- Company Name
- Datadog
- Job Title
- AI Research Engineer - Datadog AI Research (DAIR)
- Job Description
-
**Job title:** AI Research Engineer – Datadog AI Research (DAIR)
**Role Summary:**
Design, build, and scale end‑to‑end AI systems that transform research concepts into production‑ready services within cloud observability and security domains.
**Expectations:**
- Deliver robust, scalable ML pipelines and inference engines.
- Transition prototypes into reliable, customer‑facing features.
- Collaborate closely with scientists, product, and engineering teams.
- Maintain high code quality, reproducibility, and observability.
**Key Responsibilities:**
- Construct and manage datasets, training and evaluation pipelines, benchmarks, and tooling.
- Implement, experiment, and tune large‑scale models (forecasting, anomaly detection, multimodal analysis, autonomous agents, code‑repair agents).
- Orchestrate distributed training/ RL with Ray or equivalent frameworks; handle scaling, scheduling, and fault tolerance.
- Profile models for reliability, performance, and cost; optimize GPU usage.
- Create automated benchmarks and regression tests for all key research areas.
- Integrate advanced AI capabilities into product pipelines and harden prototypes into production services.
- Produce high‑quality code, documentation, and open‑source artifacts to support community and internal reproducibility.
**Required Skills:**
- Strong software engineering background, preferably in observability, SRE, or security.
- Proficiency in Python; familiarity with Rust, C++, Go, or similar systems language.
- Experience with distributed computing frameworks (Ray, Slurm, etc.).
- Practical knowledge of ML frameworks (PyTorch, JAX), containerization, orchestration, and GPU acceleration.
- Expertise in training, fine‑tuning, and inference of large foundation models.
- Ability to communicate design trade‑offs to technical and non‑technical stakeholders.
- Passion for open‑source and open‑science; experience establishing benchmarks and sharing artifacts.
**Bonus Experience (not mandatory):**
- Proven track record bridging research prototypes and production deployments.

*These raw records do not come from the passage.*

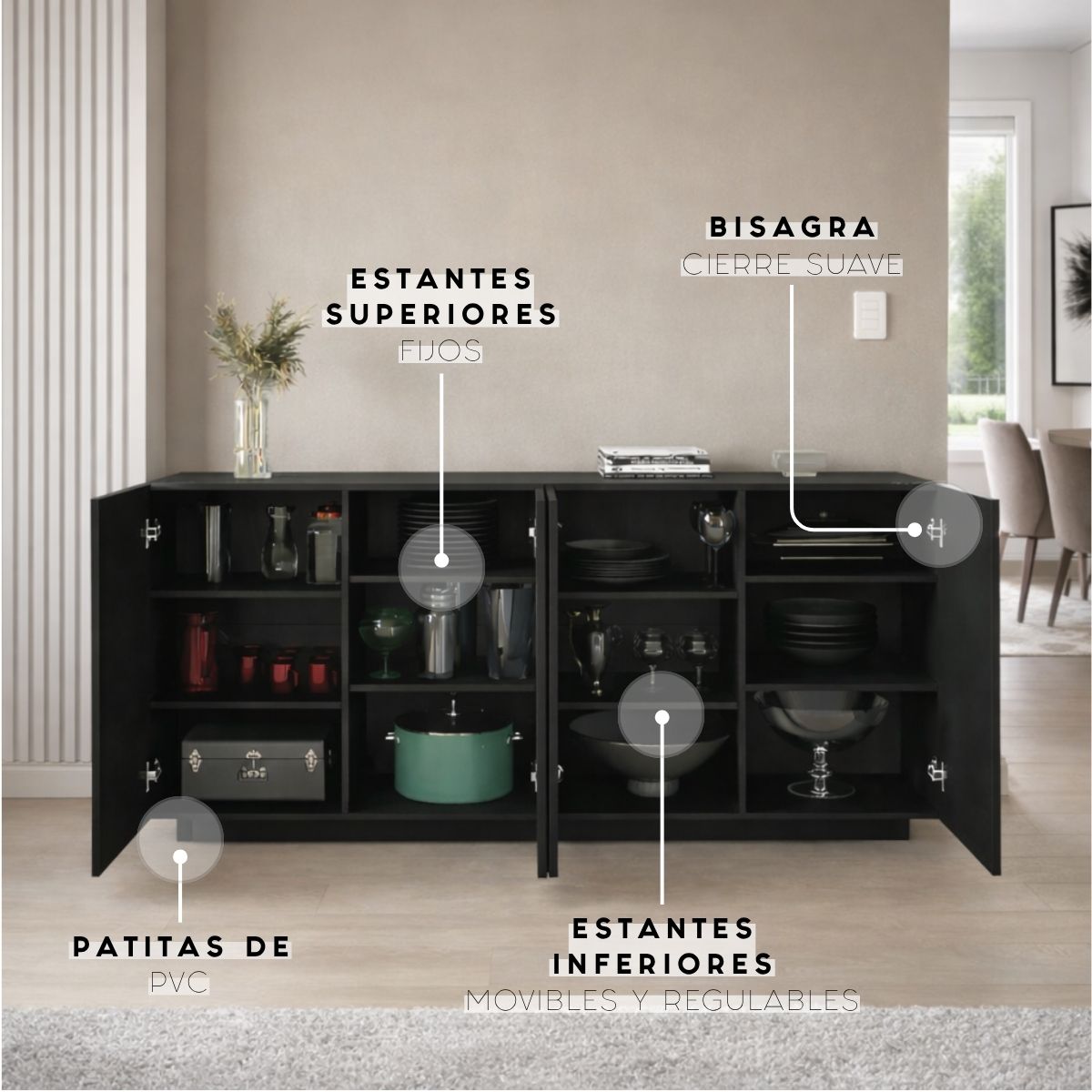 Vajillero aparador de 180cm con diseño moderno y gran capacidad de guardado. Cuenta con cuatro puertas y estantes interiores, ideal para organizar vajilla y objetos en livings o comedores. Fabricado con materiales resistentes y estética minimalista.
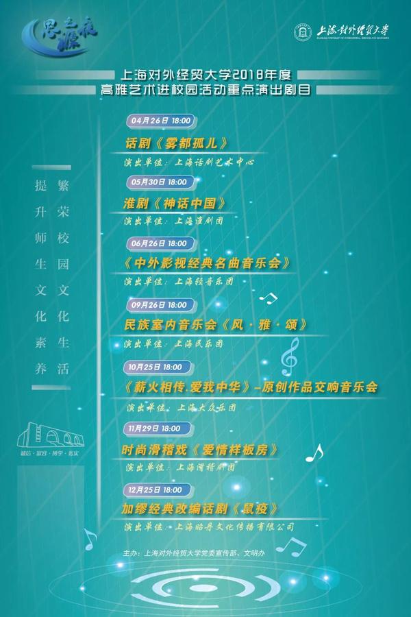 2018年度“思源之夜”高雅艺术进校园系列活动由校党委宣传部、文明办主办,活动旨在提升师生文化素养,繁荣校园文化生活。除了本场演出,2018年“高雅艺术进校园”系列活动还安排了淮剧《神话中国》、《中外影视经典名曲音乐会》、民族室内音乐会《风、雅、颂》、《薪火相传、爱我中华》——原创作品交响音乐会等系列演出,让师生近距离感受高雅艺术的魅力。
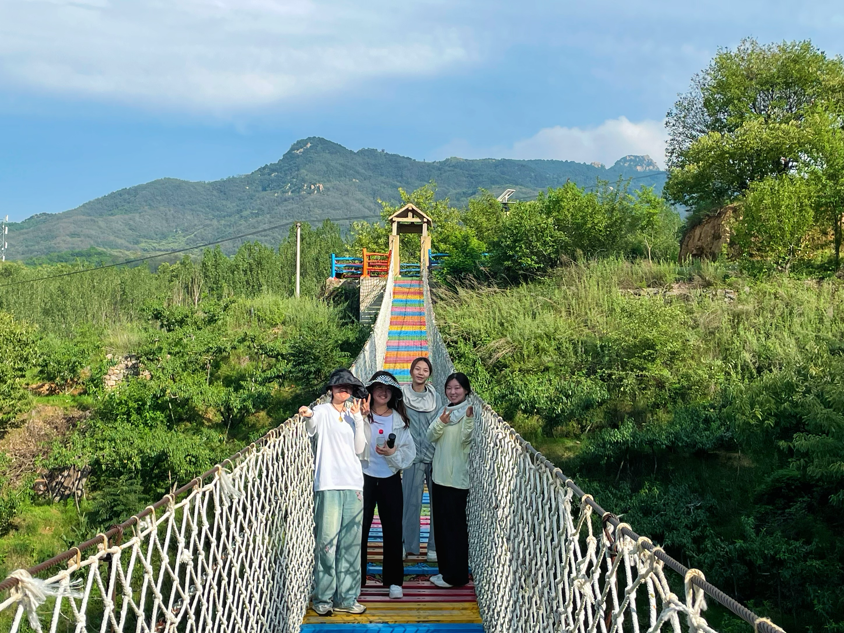 图为实践团成员前往中郝峪村彩虹吊桥访谈游客
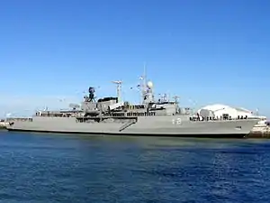 | Armamento | Canhão de Duplo Propósito 1x OTO-Melara 127/54C, de 127mm CIWS OTO-Melara DARDO, de 40mm Míssil Superfície-Ar Selenia Aspide (em um lançador octuplo Selenia/Elsag Albatros, total de 24 mísseis) Míssil Anti Navio Aérospatiale MM.40 Exocet (em dois lançadores quadruplos, total de oito mísseis) Torpedo WASS A244-S, de 324mm (em dois lanaçdores triplos ILAS-3) |
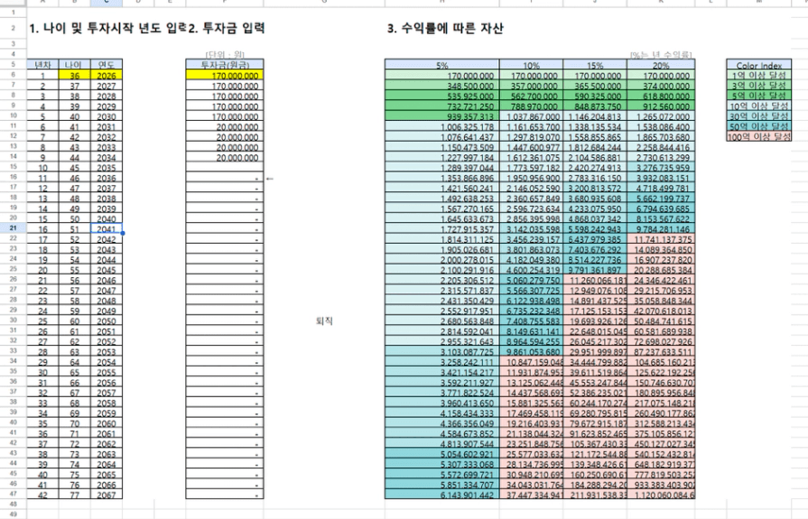 목표 금액 100억 (현재 나이 36세, 투자금 1.7억으로 시작)
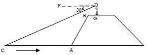 如图,张明站在河岸上的G点,看见河里有一只小船沿垂直于岸边的方向划过来,此时,他测得小船C的俯角是∠FDC=30°,若张明的眼睛与地面的距离是1.5米,BG=1米,BG平行于AC所在的直线,迎水坡的坡度i=4∶3,坡长AB=10米,求小船C到岸边的距离CA的长?(参考数据:
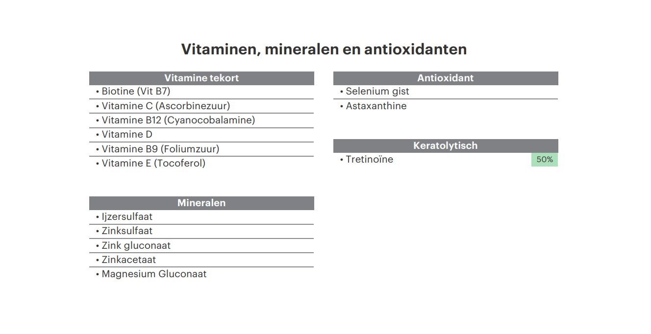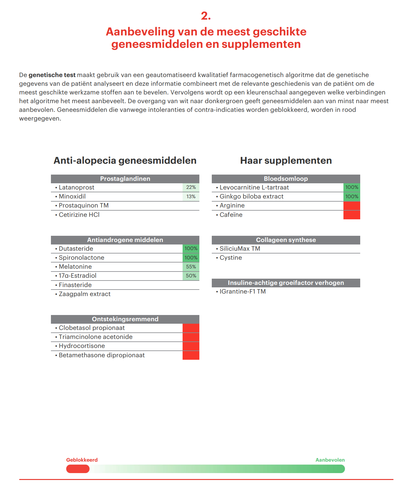 De TrichotestTM van Fagron Genomics biedt een gepersonaliseerd behandelplan voor de meest voorkomende vormen van alopecia op basis van uw eigen genetisch profiel. Er zijn veel verschillende medicijnen (tabletten en lotions) en supplementen (vitamines, mineralen, antioxidanten e.d.) voor haarverlies op de markt, wat de keuze moeilijk kan maken. Daarnaast verschilt de effectiviteit van deze behandelopties per persoon.
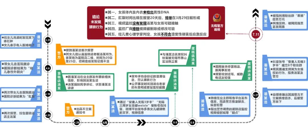 面對巨大的輿情壓力,7月11日,無錫市公安局發(fā)布通報(bào),詳述調(diào)查過程,包括DNA檢測、肛裂原因排除、視頻監(jiān)控核查、心理學(xué)家判定等內(nèi)容。通報(bào)全文800余字,邏輯清晰、內(nèi)容詳實(shí),“不存在猥褻行為”這一結(jié)論獲得輿論認(rèn)可,“#警方通報(bào)無錫3歲女童事件調(diào)查結(jié)果#”等微博話題閱讀量累計(jì)近6億。至此,輿情反轉(zhuǎn),多數(shù)網(wǎng)民指責(zé)潘某潔虛構(gòu)事實(shí)、利用女兒造謠污蔑,呼吁依法對其嚴(yán)懲。
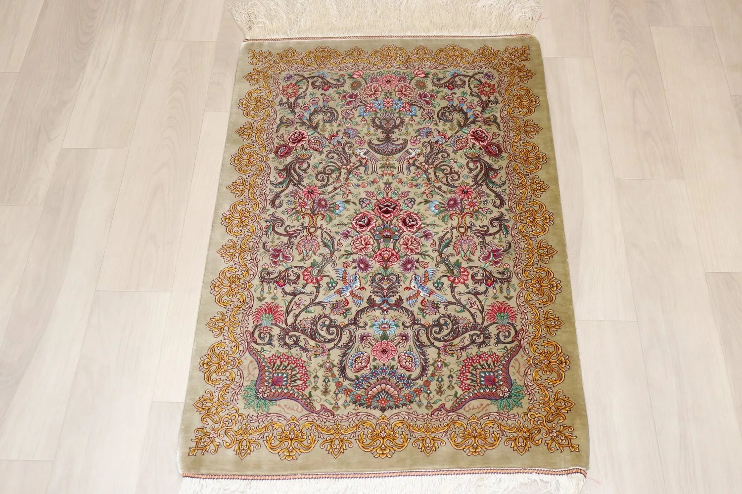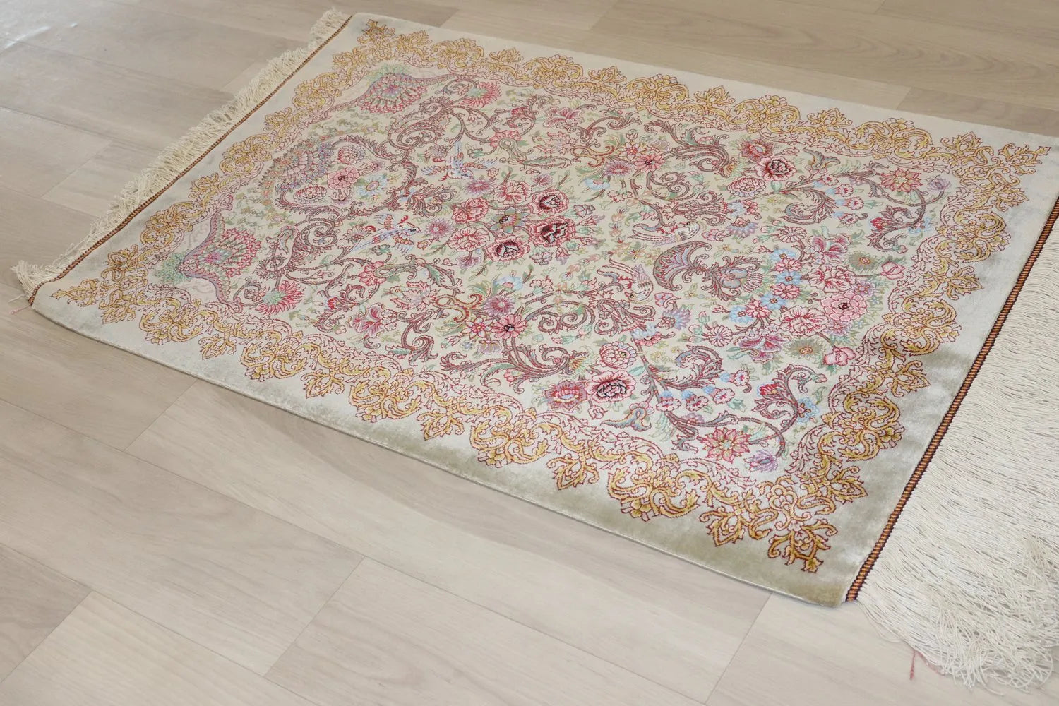 ペルシャ絨毯 クム産 シルク100% ミルメヒディ工房の細かな花模様が丁寧に織り込まれた、華やかなデザインの一枚です。中央の花束を囲むように広がる唐草模様は、大きめの柄が特徴です。そこに赤・ピンク・黄色の花々が彩られ、はっきりとした柄ながらも、一つ一つが綺麗に織られているのが印象的です。見る角度によってシルクならではの輝きが変化し、まるで絵画のような存在感を放つ最高級の逸品です。

- GPU programming/optimization with CUDA.
- Production data pipeline and application development.
- Research publication contribution.
**Required Education & Certifications:**
- Bachelor’s degree or higher in Computer Science, Engineering, or related field (equivalent experience accepted).
- Certifications in distributed systems, ML engineering, or cloud platforms are advantageous.